In a variety of places we assume "Compiled" isn't literally "the only thing that's different is emitting MSIL" but rather "you're asking us to take more time to optimize throughput", and as such there are optimizations performed when Compiled is set that aren't related to emitting MSIL, like spending more time analyzing sets to determine the most optimal thing to search for as part of finding a starting position. I'd bet if you were to debug through you'd find the RegexFindOptimizations is different when you set Compiled vs None.

AndyAyersMS commented 1 year ago

Tiering does not do well on a (hopefully smallish) category of apps that are jit intensive, compute intensive, and short running. Crossgen2 is like this, for instance.

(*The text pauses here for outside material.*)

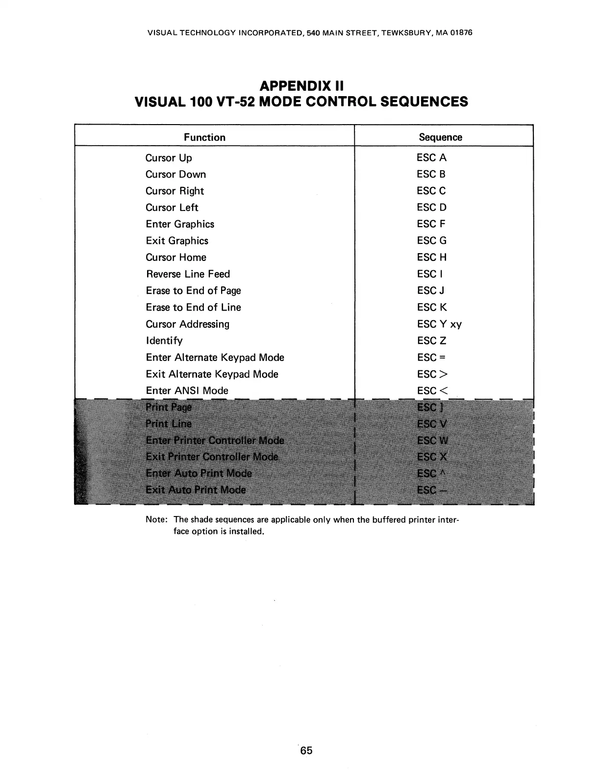 VISUAL 100 - Appendix II -Visual 100 Vt-52 Mode Control Sequences

Sometimes setting DOTNET_TC_CallCountingDelayMs=0 can help.

cc @EgorBo

danmoseley commented 1 year ago

In the benchmark game, we don't really have an opportunity to set environment variables (such as DOTNET_TieredCompilation=0). Is there anything that can be done in the code to discourage tiering?

AndyAyersMS commented 1 year ago

I think we are better off trying to fix tiering to handle these cases better. If we disable / discourage tiering then we end up losing perf if the app is not short lived. And I would guess it may be harder to determine if an app is going to be long running than to determine if the app would benefit from more aggressive tiering up.

There are various ideas floating about:

bypass tiering for subset of methods that won't benefit from tiering (eg most property get/set)
priority queue (or similar) for rejitting so we tier up the most important methods sooner
avoid some unnecessary rejittings (.NET 8 only) https://github.com/dotnet/runtime/issues/84517
(possibly) adaptive call counting delay -- initially set it lower and back off if app seems to still be in "startup mode"
adjustments to OSR thresholds

stephentoub commented 1 year ago

I seem to remember at one point that recompilation for tiering was done with work items queued to the thread pool. Was that / is that still the case? If that is, that's going to be even more problematic for this particular test case, which might end up saturating the pool with work items, such that the tiering work items won't get a chance to execute promptly.

JulieLeeMSFT commented 1 year ago

CC @mangod9 PTAL.

danmoseley commented 1 year ago

is the penalty here that

the counting / instrumentation cost is not getting amortized by later improved codegen
similar but the cost of repeating code gen, ie., tiering is not the problem per se, if the jitting didn't happen til later it would be better because it isn't getting amortized
the ref emit code while never tiered is better optimized than the tier-0 regular code, and the code doesn't get rejitted early enough to compete or possibly
tiering is making bad choices about what to rejit, thus deoptimizing code
rejitted code itself is a deoptimization in some cases

anyway, hopefully this standalone repro with relatively few methods involved is a convenient vehicle to investigate.

mangod9 commented 1 year ago

Is this a regression? @kouvel, dont believe Tiering workitems are queued to the regular ThreadPool, are they?

stephentoub commented 1 year ago

dont believe Tiering workitems are queued to the regular ThreadPool, are they?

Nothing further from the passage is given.